Omics techniques, such as proteomics, contain crucial data for understanding biological processes, but they remain underutilized due to their high dimensionality. Typically, proteomics research focuses narrowly on using a limited number of datasets, hindering cross-study comparisons, a problem that can potentially be addressed by machine learning. Despite this potential, machine learning has seen limited adoption in the field of proteomics. Here, skeletal muscle proteomics datasets from five separate studies were combined. These studies included conditions such as in vitro models (both 2D and 3D), in vivo skeletal muscle tissue, and adjacent tissues such as tendons. The collected data was preprocessed using MaxQuant, and then enriched using a Python script fetching structural and compositional details from UniProt and Ensembl databases. This was used to handle high-dimensional and sparsely labeled dataset by breaking it down into five smaller categories using cellular composition information and then training a Random Forest model for each category separately. Using biological context for interpreting the data resulted in improved model performance and made tailored analysis possible by reducing the dimensionality and increasing signal-to-noise ratio as well as only preserving biologically relevant features in each category.

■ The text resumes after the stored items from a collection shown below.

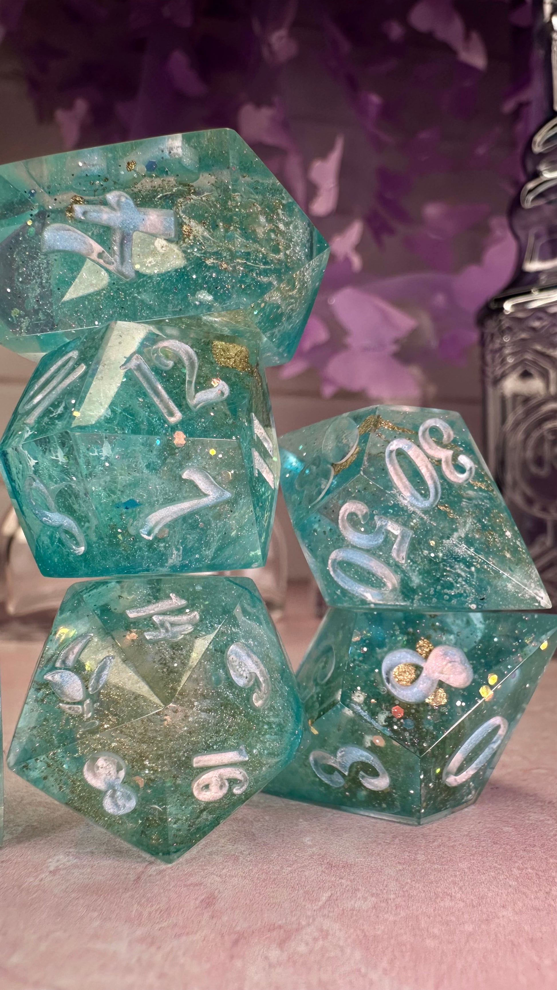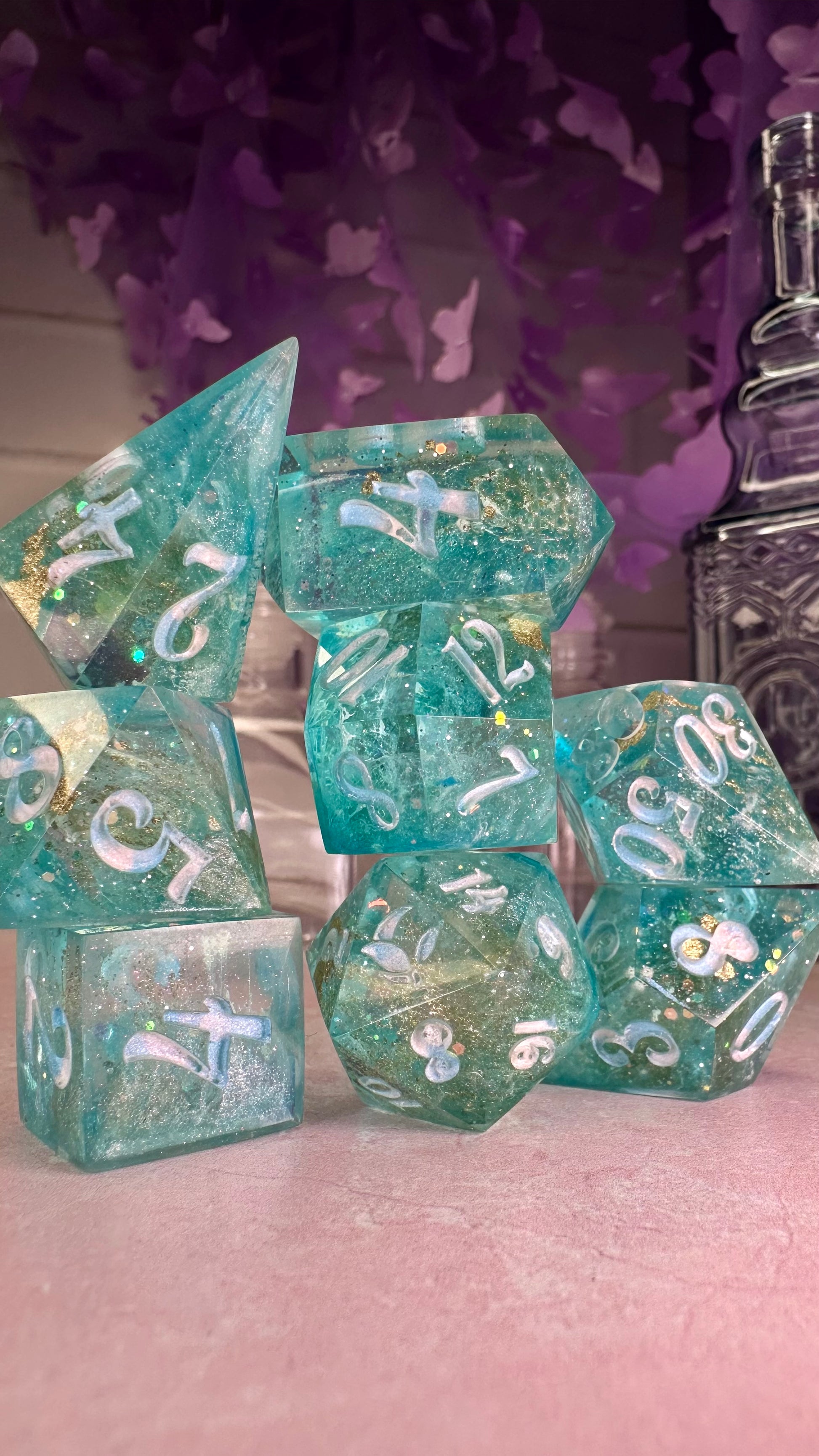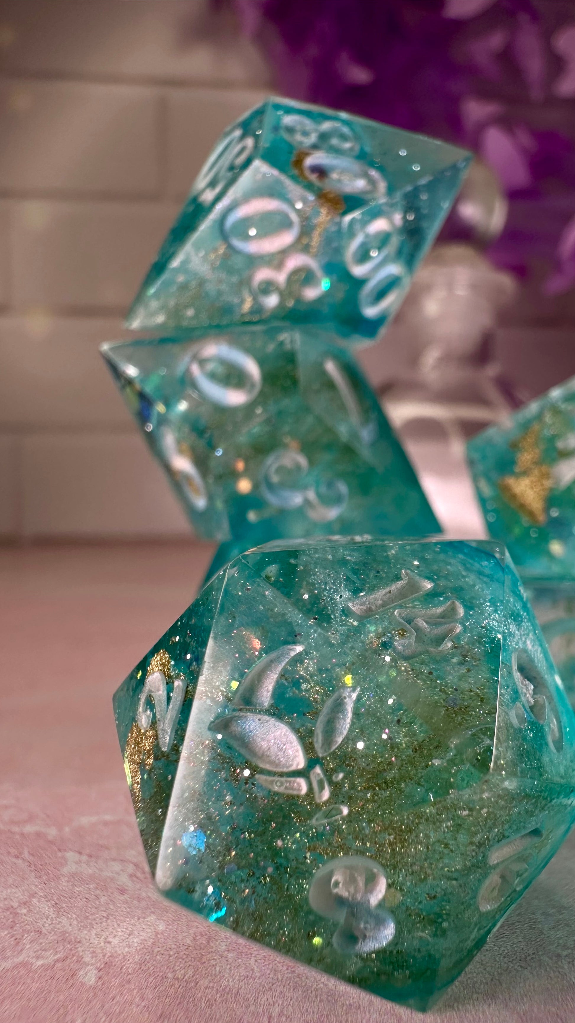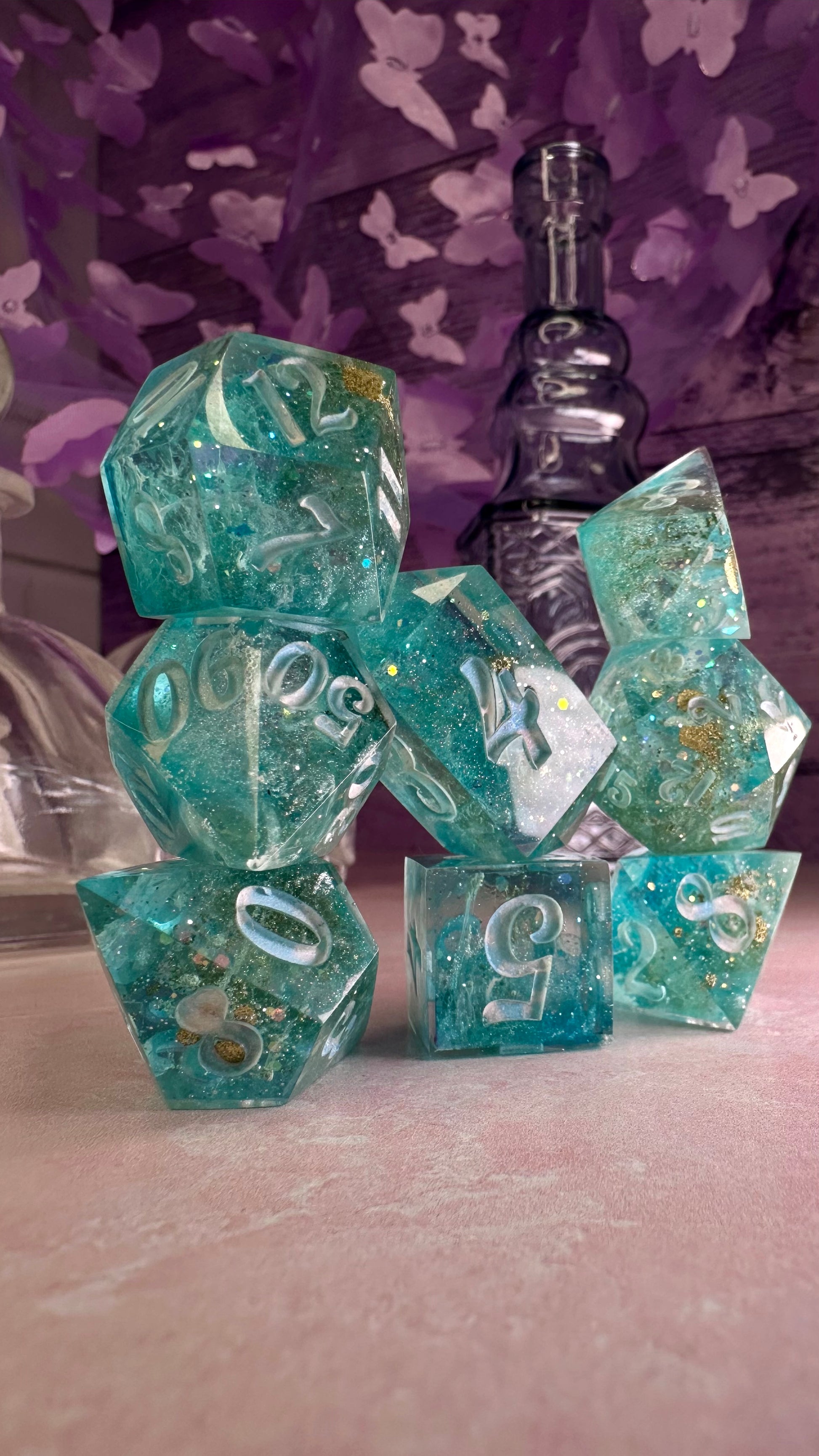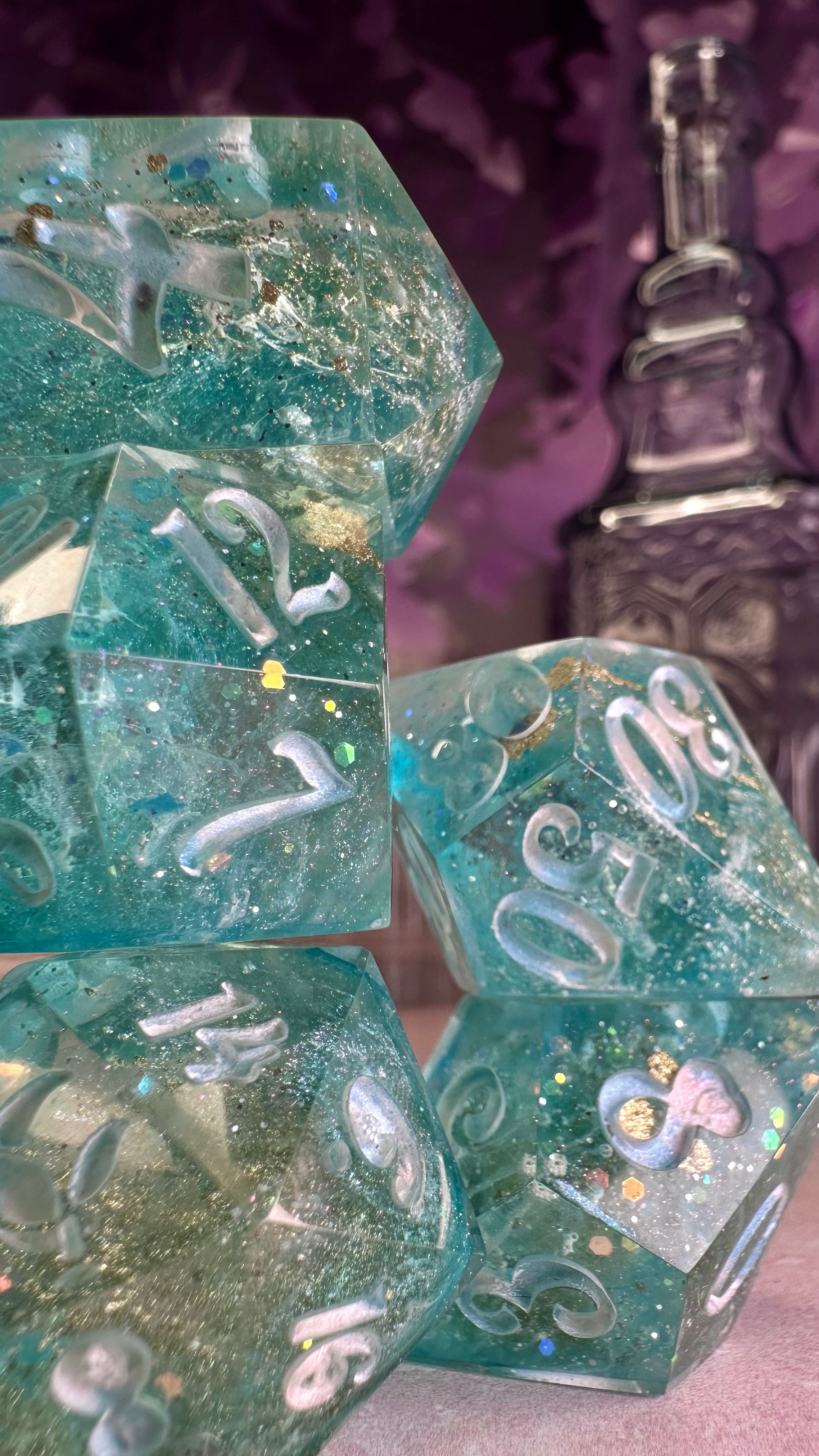 -These dice are bespoke handmade functional art pieces. This means they are not flawless ; they will have some small cosmetic flaws (small bubbles on the surface or in the dice themselves, micro-scratches on the surface, mold or inclusion marks, and carved in numbers. Some dice will have been patched with additional resin. This can cause small variations in color/visual lines) Anything worse than these flaws will be discounted and marked as such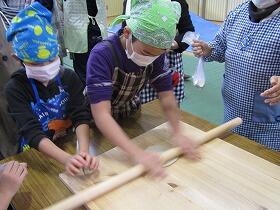 そば打ち体験では、講師や保護者の方々に手順を教えていただきながら活動をし、そばを打った後、全員で試食を行いました。自分たちで栽培したそばの味は格別のようでした。子どもたちは、これまでの活動を思い出しながら、おいしくそばをいただいていました。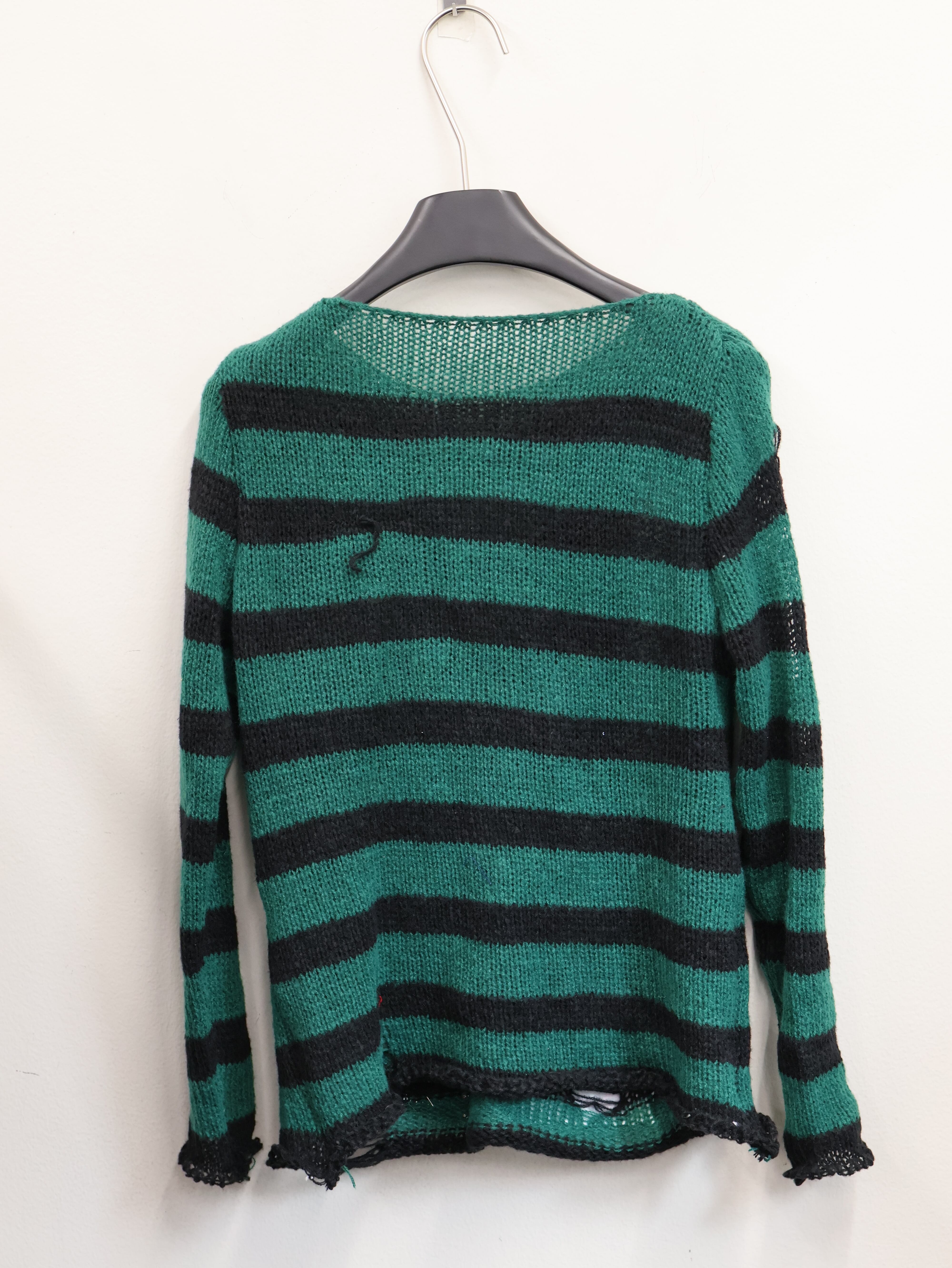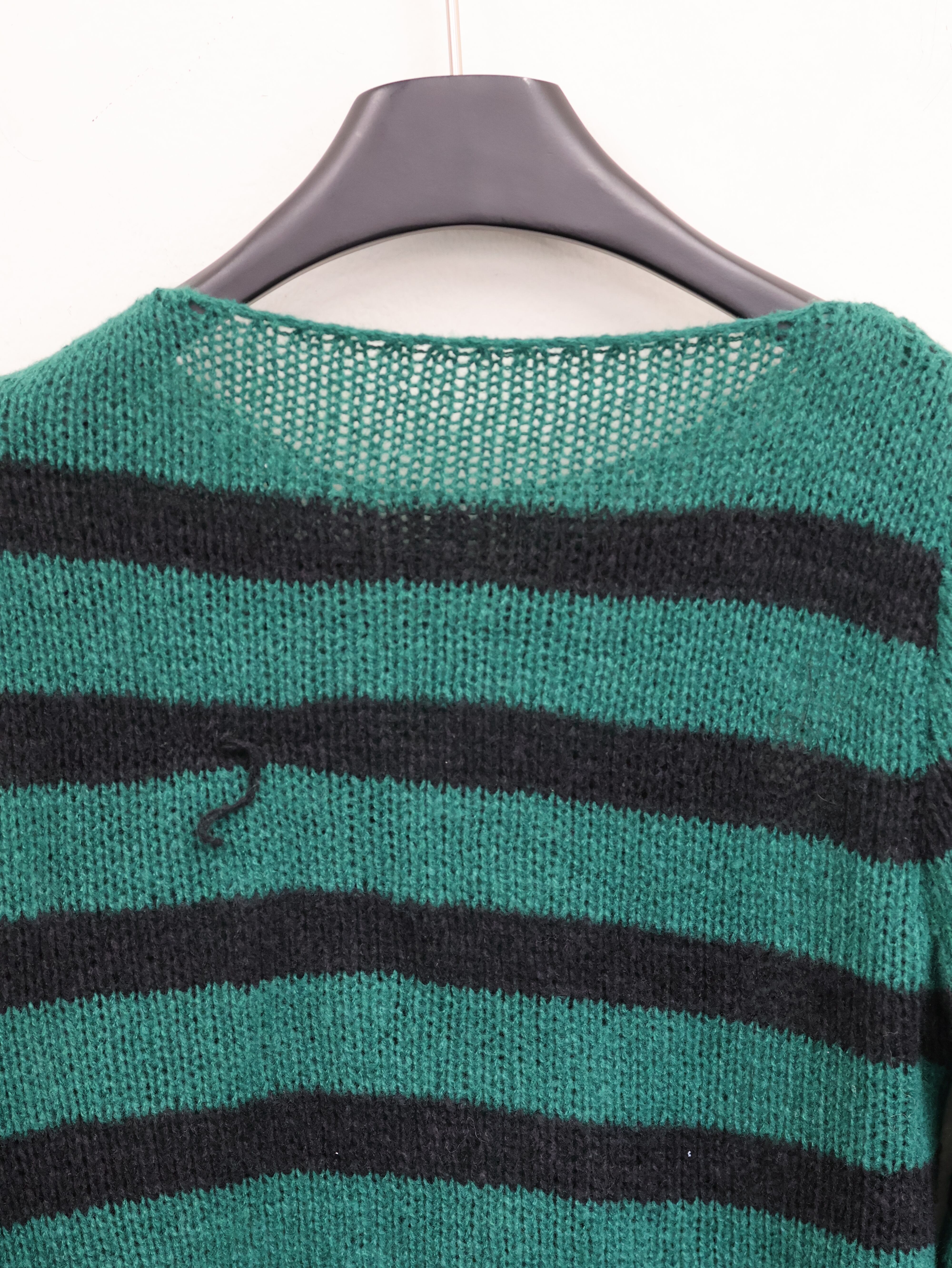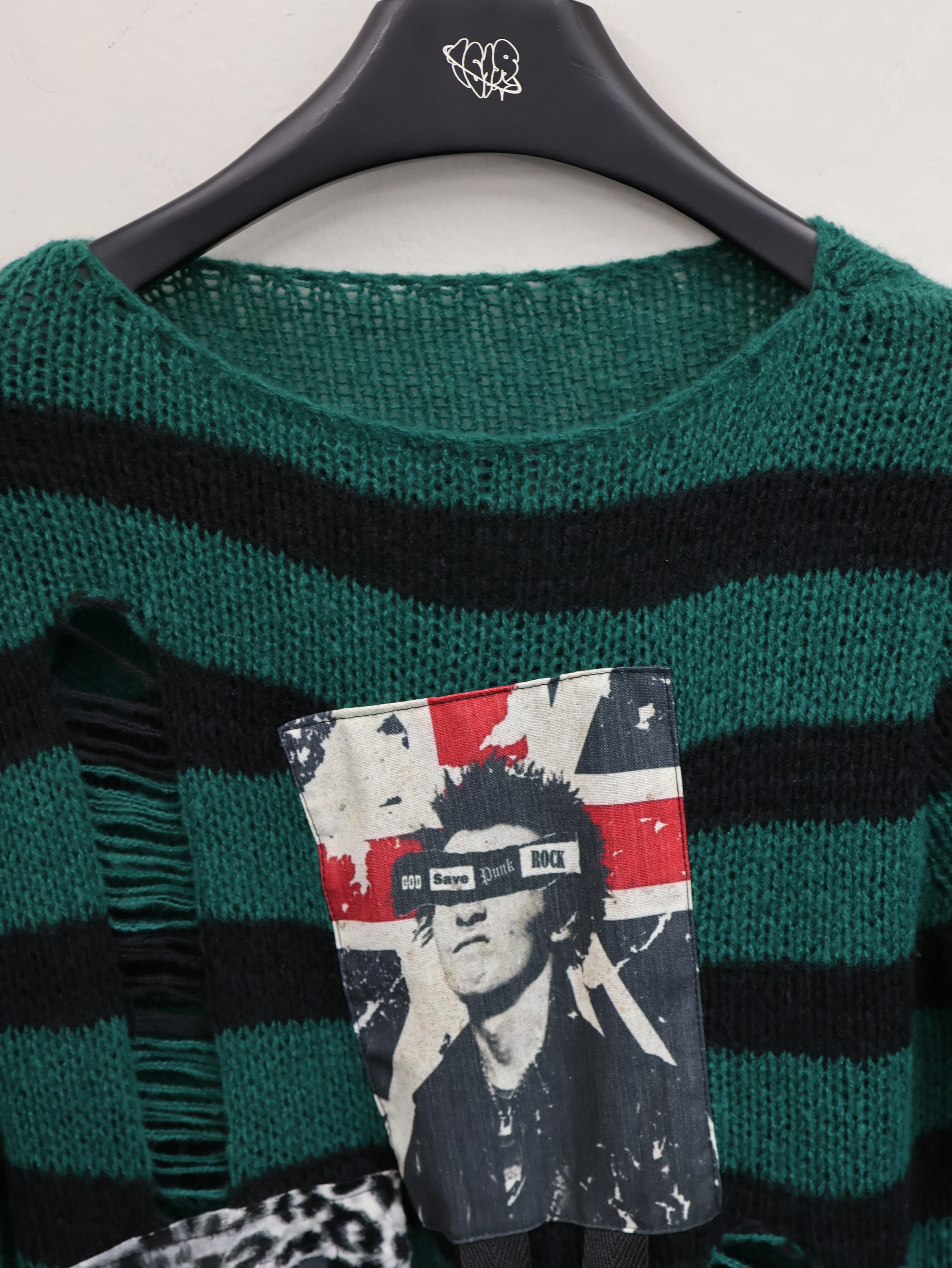 目を奪うグリーン×ブラックの太ボーダー。ざっくりとした透け感のある編み地に、ハードなパッチやジップ、チェーンを重ねた一点物リメイクニットです。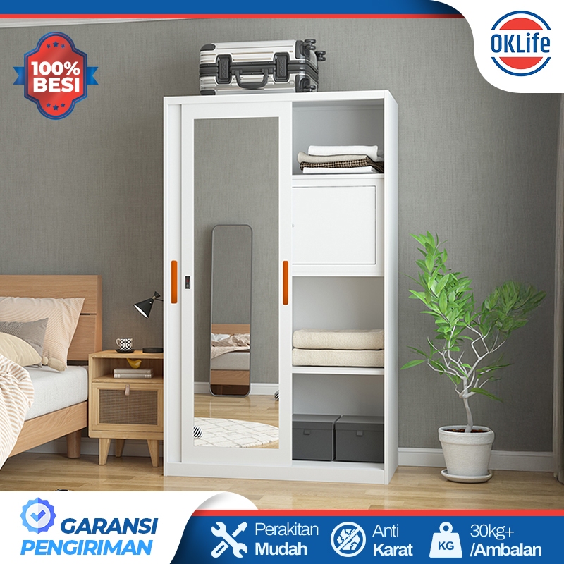 [Star] Lemari Besi Sliding 2 Pintu Lemari Besi Pakaian Lemari Baju susun Minimalis Full Motif Bergaransi Tanpa Dp Offici

This integration of domain knowledge into data analysis and model training facilitated the discovery of new patterns while ensuring the retention of critical details, often overlooked when blind feature selection methods are used to exclude proteins with minimal expressions or variances. This approach was shown to be suitable for performing diverse analyses on individual as well as combined datasets within a broader biological context, ultimately leading to the identification of biologically relevant patterns. Besides from generating new biological insights, this approach can be used to perform tasks such as biomarker discovery, cluster analysis, classification, and anomaly detection more accurately, but incorporation of more datasets is needed to further expand the computational capabilities of such models in clinical settings.
(© 2024 The Authors.)

The authors declare no conflict of interest. All expenses are covered by the authors’ institution, Evolved.Bio.